After the game, she’d invited him over to her place, and he’d gone.
Margaret lived in a very nice condominium in the old Detweiler Hotel, which had been renovated and was now quite upscale. As promised, her air-conditioning was cool and efficient They’d talked and laughed and gotten to know each other.
He’d learned that she’d been divorced only six months before her wealthy husband had died, while they were both in their fifties. So, Margaret told him firmly, she was not technically a widow at all. There were no children or grandchildren. She’d been a college physics professor before retirement, liked to sail and travel, had her own money and a late-model Nissan.

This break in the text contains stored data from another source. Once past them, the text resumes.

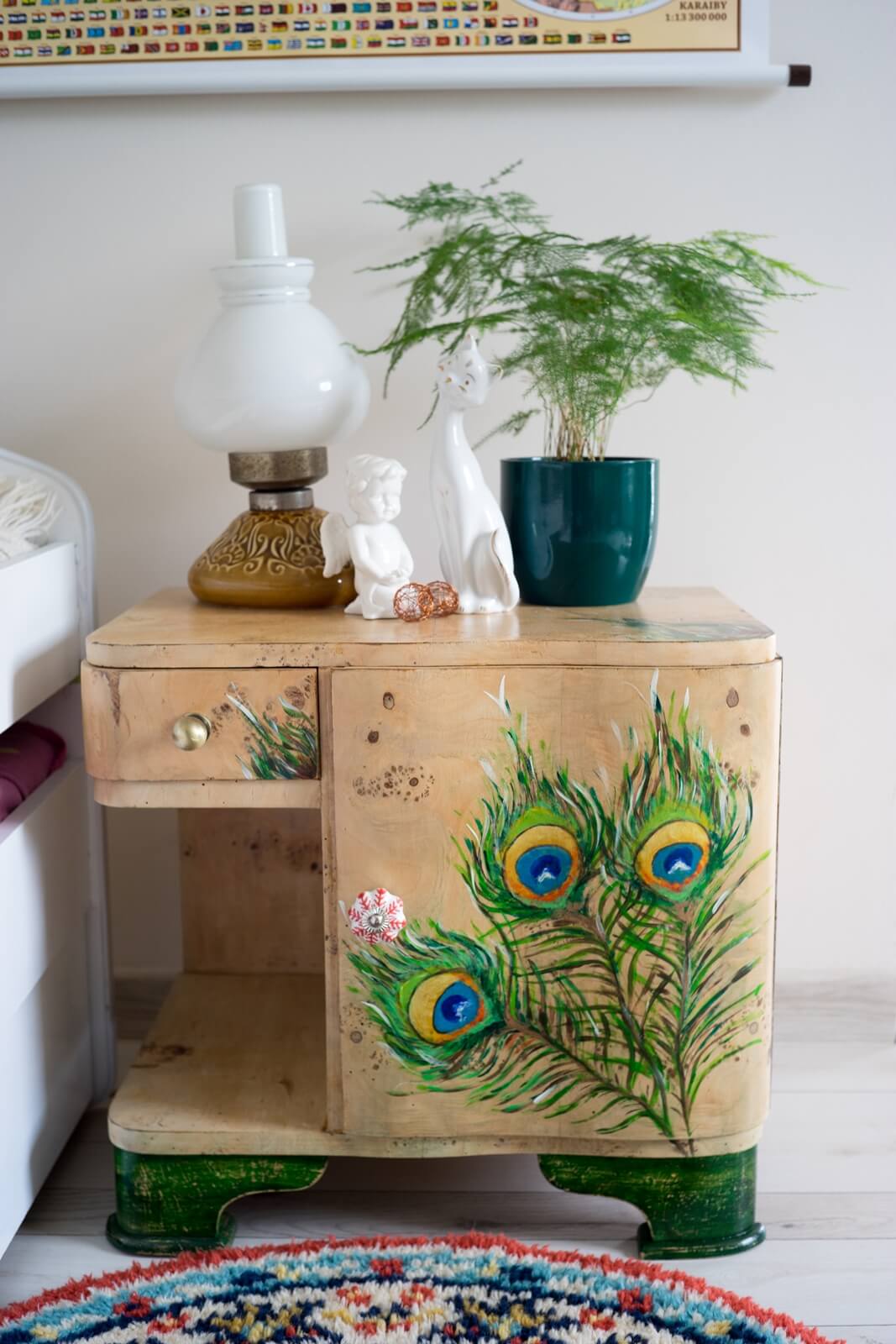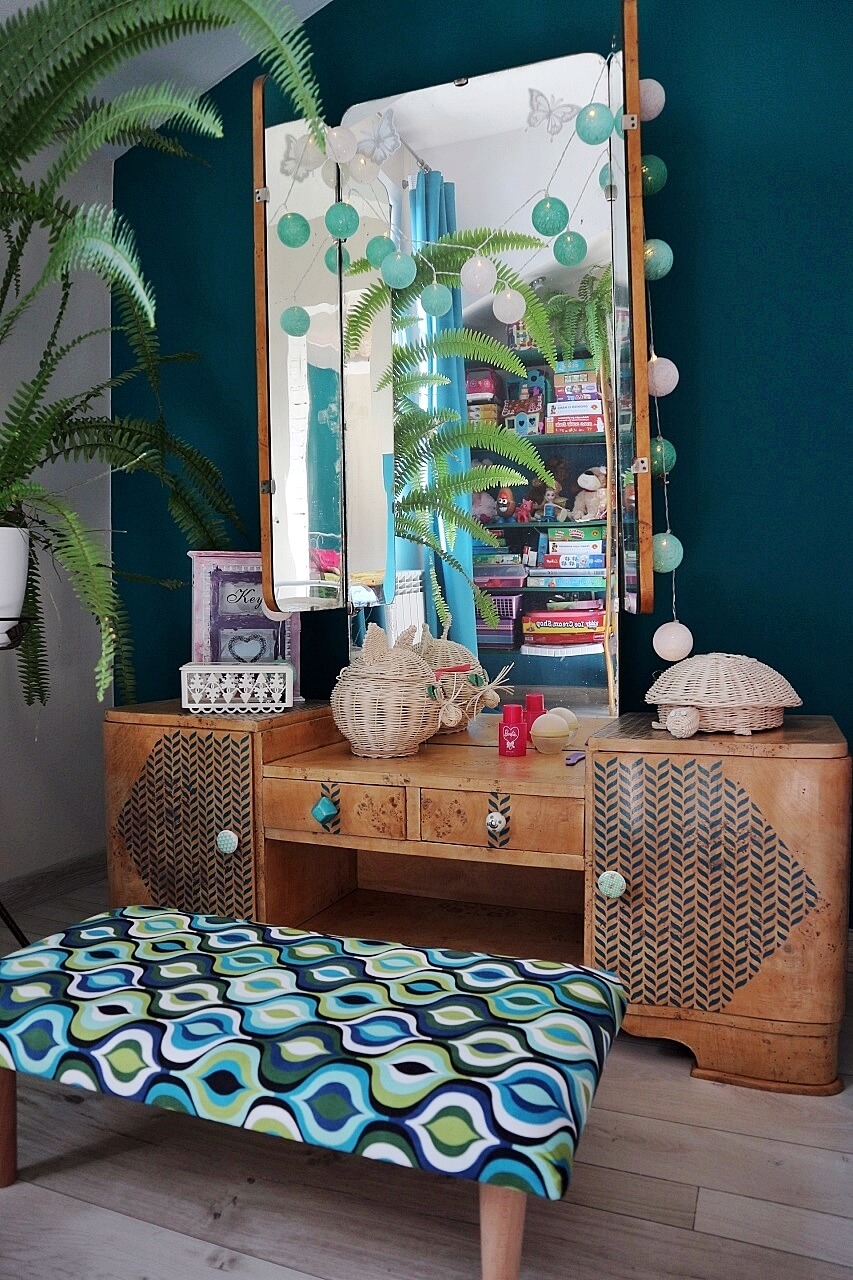 Autorka dopieszcza cały dom! Pokój jej córki jest dla mnie po prostu szałowy! Piękny turkus na ścianie i kolorowe meble. Czy wiecie, że są one ręcznie malowane? Te pawie oczka i flamingi na szafie? Marta ma wielki talent do rysowania i malowania, właśnie. Uważam,  że to ją wyróżnia pośród innych refreszerek i powinna ten talent wykorzystać!
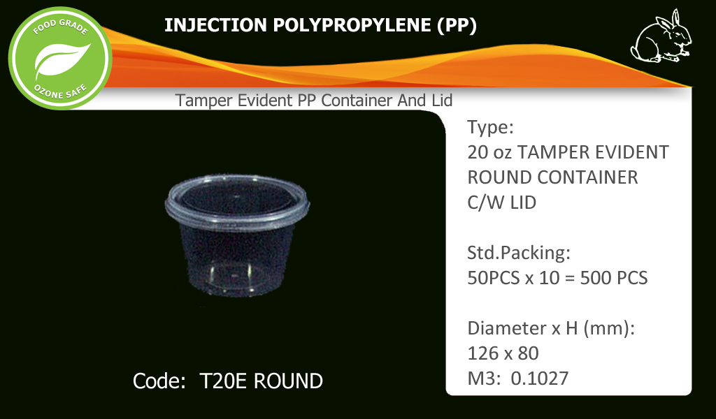 20oz Tamper Evident Round Container c/w LidCode: T20E ROUND
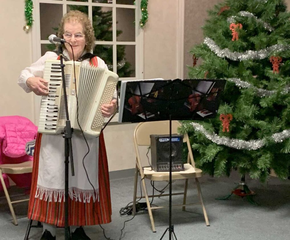Tanja Stanaway performs Finnish music at the Finnish American Raja Ryhma Border Group’s Pikkujoulu “Little Christmas” gathering.
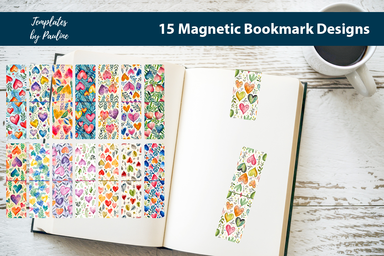 This colorful pattern featuring hearts and leaves creates a joyful ambiance to DIY magnetic bookmarks.
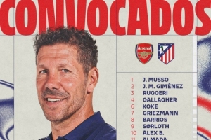 馬競(jìng)客戰(zhàn)阿森納名單:阿爾瓦雷斯、格列茲曼領(lǐng)銜,卡爾多索缺席
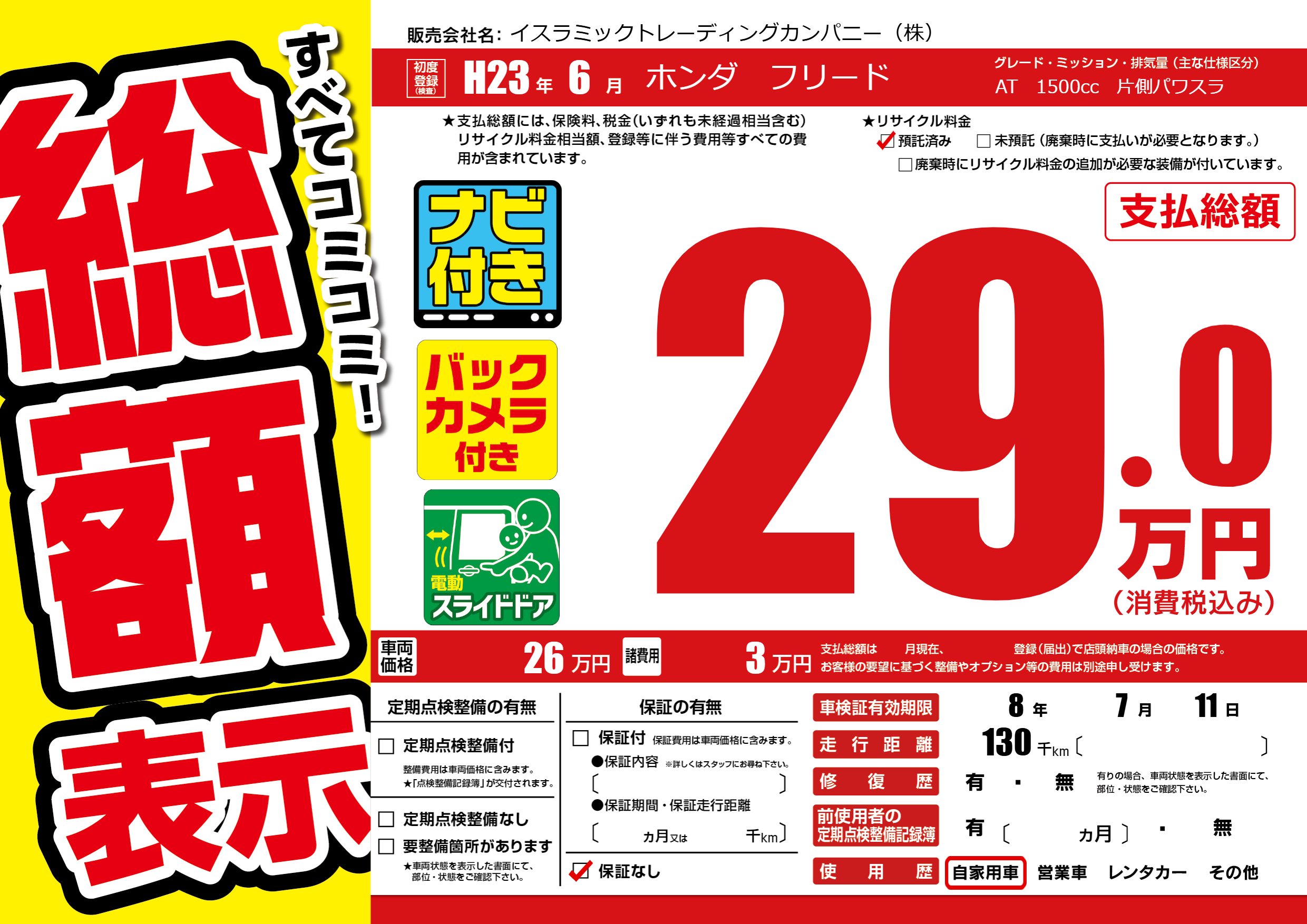 | 車名 | ホンダ フリード | グレード ミッション 排気量 |
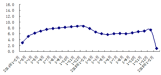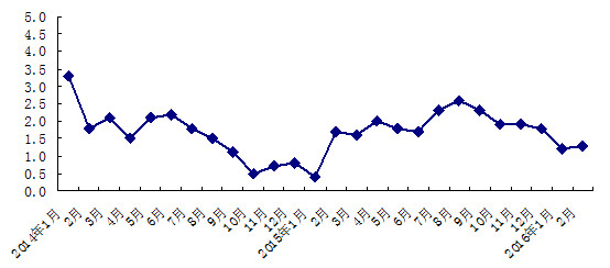 1月-2月,全市居民消费价格总水平比上年同期平均上涨1.3%。其中,食品价格上涨4%,非食品价格上涨0.7%;消费品价格上涨0.4%,服务项目价格上涨2.5%。2月份,全市居民消费价格总水平同比上涨1.3%。
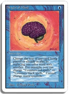 Change the text of any card being played or already in play by replacing one color word with another. For example, you can change "Counters red spells" to "Counters black spells". Cannot change mana symbols.
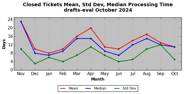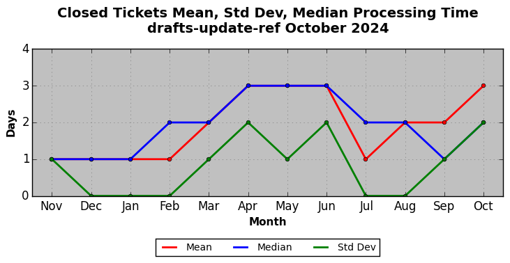 The statistics below are offered to measure IANA's fulfillment of the goals established in the ICANN / IANA - IETF MoU Supplemental Agreement. Further details on these goals and statistics can be found by reviewing the agreement.
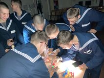Команды прошли по 8 станциям «Отгадайка», «Плюс пять», «Равновесие», «Убери лишнее», «Что, где, когда?», «Точно в цель», «Шпаргалка» и «Деловые жуки», зарабатывая на этих станциях ключи. Игра проводилась в темноте, для подсветки и поиска информации участники могли использовать мобильные телефоны. В финальной части игроки должны были разгадать морской термин ФЕРТОИНГ и объяснить его значение. Все участники справились с заданием. Первое место заняла команда группы 312. Спасибо за работу преподавателям и их помощникам на станциях. Успеха всем участникам!
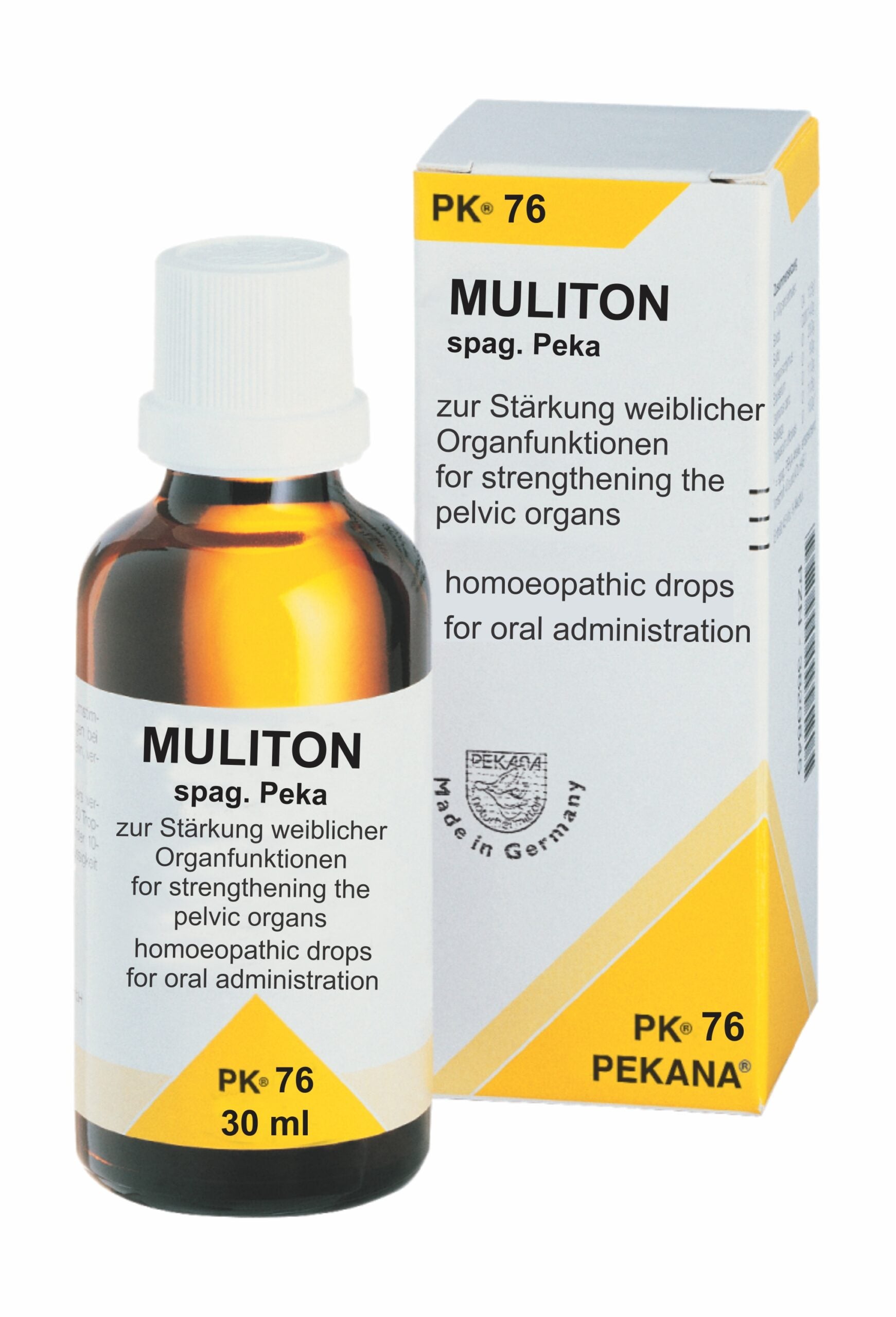 - PK 76 MULITON drops are used for drop or prolapse of the uterus, with discharge and inflammations, strengthening the pelvic organs.
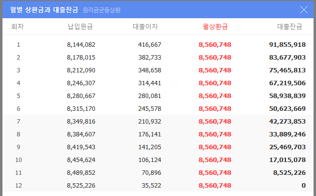 원리금균등상환 방식으로는 매월 8,560,748원의 원리금을 갚으면 됩니다.
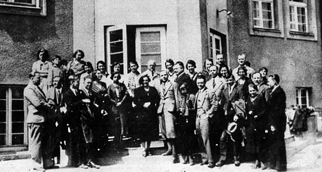 Группа руководителей детского дома «Наш дом». Януш Корчак перед входной дверью во втором ряду.
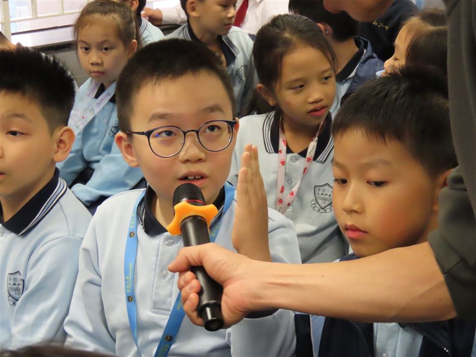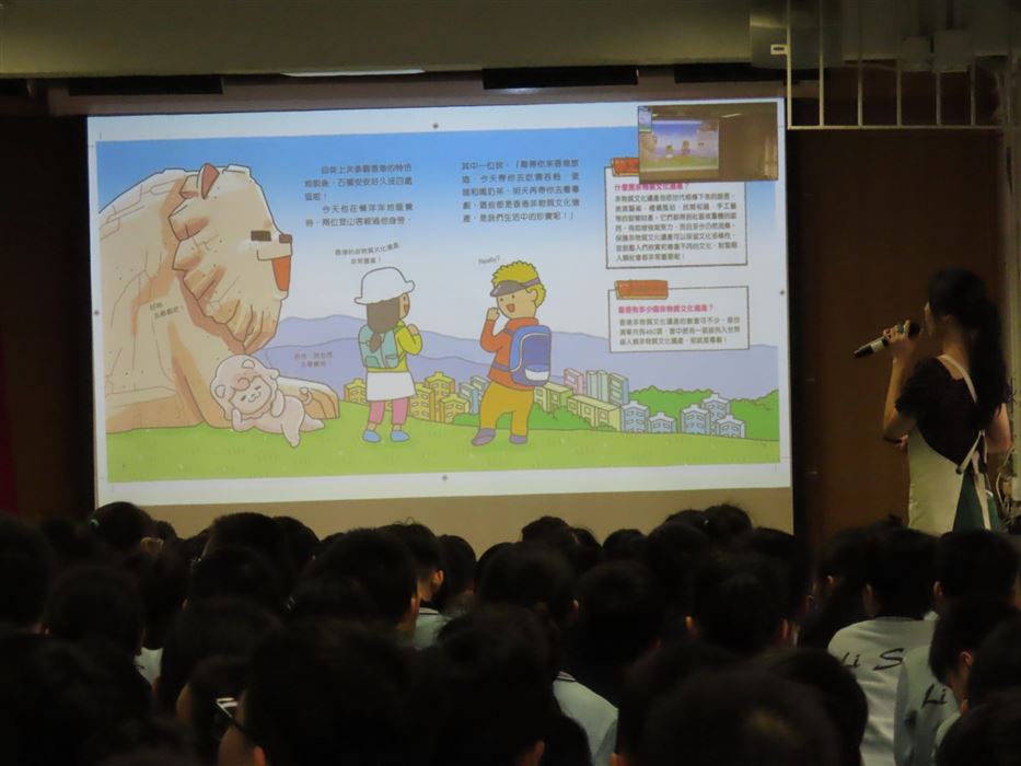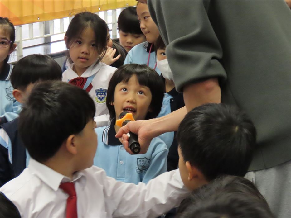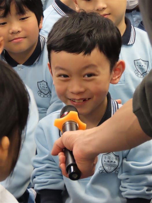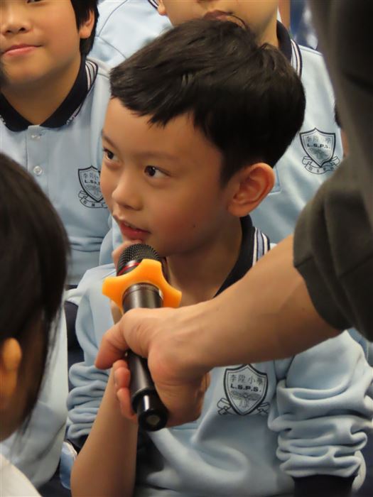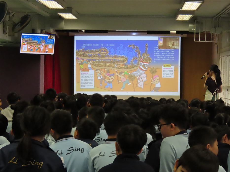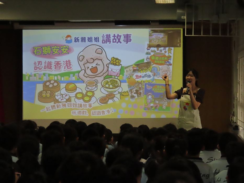 《石獅安安愛遊歷》系列一共有4冊,今次講座由新雅文化事業有限公司的新雅姐姐向同學們分享了這本《2 尋找生活中的珍寶-認識香港非物質文化遺產》。這個故事是講述「石獅安安」喜歡尋寶,他聽說在日常生活之中,原來藏着很多珍寶。粵劇表演、大坑舞火龍、沖泡奶茶……這些都是獨特而珍貴的香港非物質文化遺產,石獅安安真想讓更多人認識它們,於是展開一連串的奇幻旅程。同學們認真聆聽故事,投入在這個有趣的情節裡,而且又踴躍回答問題,現場氣氛非常熱烈!

They’d talked until quite late, enjoyed large dishes of her delicious ice cream and healthy slabs of her home-baked pound cake. In fact, a good chunk of that pound cake was upstairs, wrapped in foil on his dresser. He would have it for his late-afternoon treat.
“A friend?” Jackie said. “Like, a date?”
“It wasn’t a date, dammit,” Truman said. The eggs were cold and greasy, and his biscuit was burned on the bottom. “But what if it was? Anything wrong with that?”
“None of my business,” Jackie said. She went over to the coffee station and got the pot of coffee that had finished brewing. As a peace offering, she went in the kitchen and grabbed some biscuits that had just come out of the oven, and tucked Truman’s strawberry jam in the basket, covering it with a napkin.
When she got back to the table, Truman had his head buried in the sports section. She poured his coffee, but didn’t leave.